Task description —
Extract exactly the lines from the top of the records through the line containing "initials M.S.; square", and keep pictures out of the copy.
BEGIN Supplied information
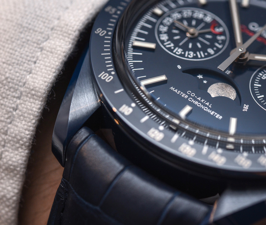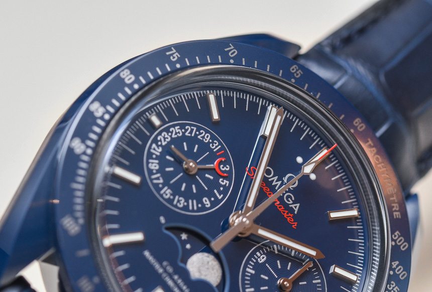 還要記住,藍色表盤和表圈樣式在月球 Speedmaster Moonphase 的藍色側面與我之前評論并鏈接到上面的鋼殼表盤不同。精鋼款的表盤是拋光的太陽紋金屬藍色,而這款表款的藍色陶瓷表盤則呈現出更啞光的深藍色。我個人認為,月之藍方將是大多數人更喜歡的版本——當試圖弄清楚要獲得什么藍色 Speedmaster 時。
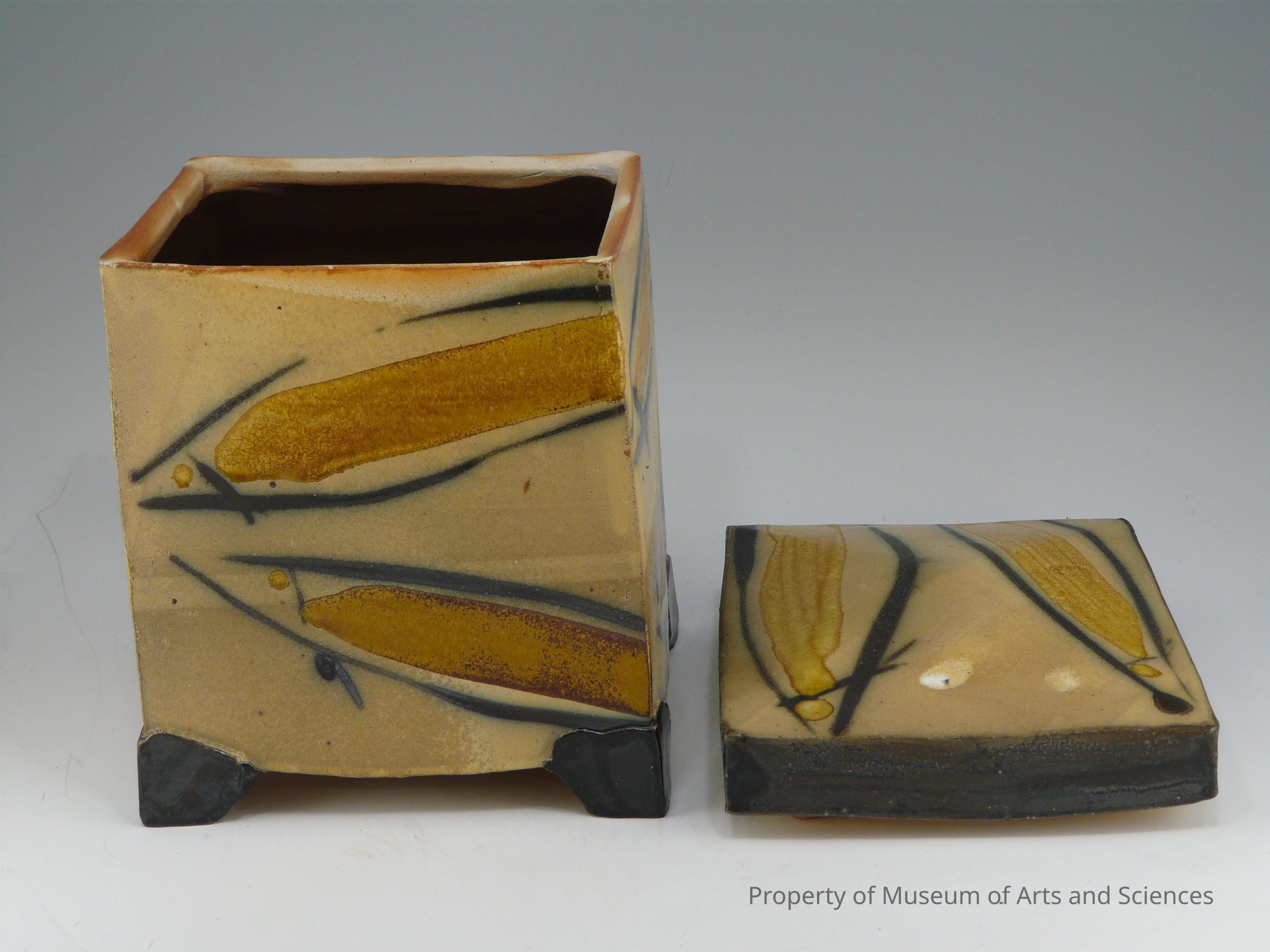 initials M.S.; square polyuchrome vessel with lid. Thrown and altered wood-fired stonewareCollection
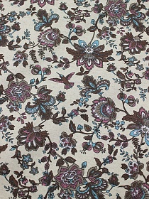 7820 товаровПолулен "Коричнево-сиреневые сказочные цветы с птичками" (на суровом), ш.1.5м, лен-30%, хл-70%
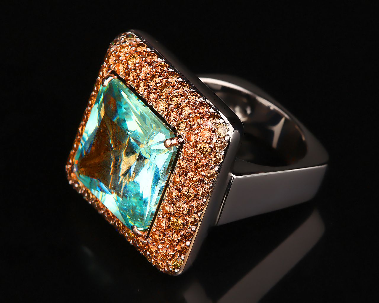 ЗОЛОТОЕ КОЛЬЦО С АКВАМАРИНОМ И БРИЛЛИАНТАМИ 1.9CT
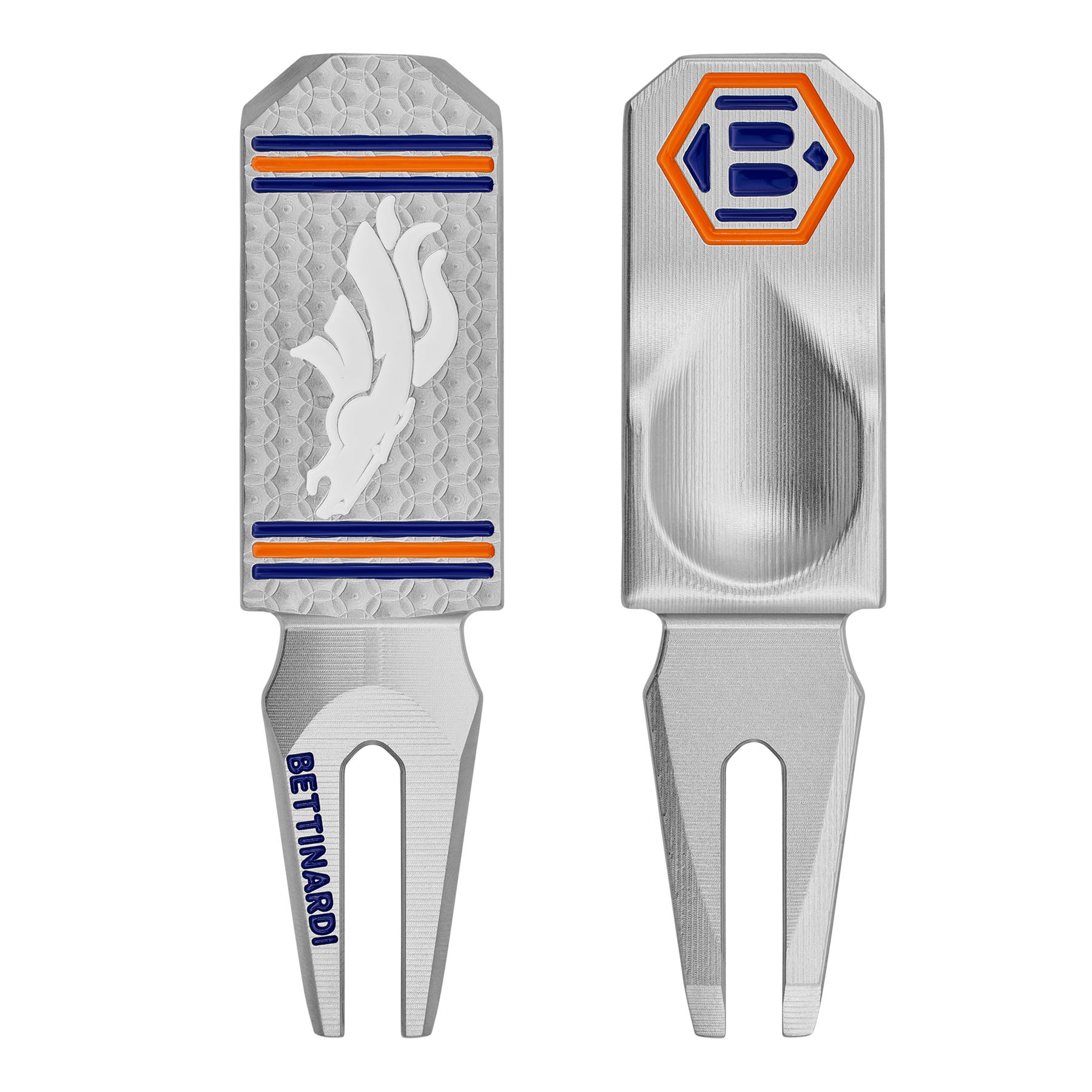 Go Broncos! This Diamond Blast divot tool features the Denver Broncos logo milled over Micro Honeycomb™ on the front, with a Hex B on the backside above the thumb contour in navy and orange paint fills. Limited quantities are available. Please allow 5 days for this item to ship.
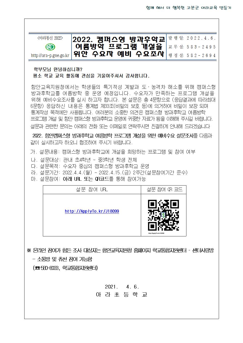 2022. 캠퍼스형 방과후학교 여름방학 프로그램 개설을 위한 수요자 예비 수요조사 안내장.hwp
END Supplied information
Response to this task —
 還要記住,藍色表盤和表圈樣式在月球 Speedmaster Moonphase 的藍色側面與我之前評論并鏈接到上面的鋼殼表盤不同。精鋼款的表盤是拋光的太陽紋金屬藍色,而這款表款的藍色陶瓷表盤則呈現出更啞光的深藍色。我個人認為,月之藍方將是大多數人更喜歡的版本——當試圖弄清楚要獲得什么藍色 Speedmaster 時。
 initials M.S.; square polyuchrome vessel with lid. Thrown and altered wood-fired stonewareCollection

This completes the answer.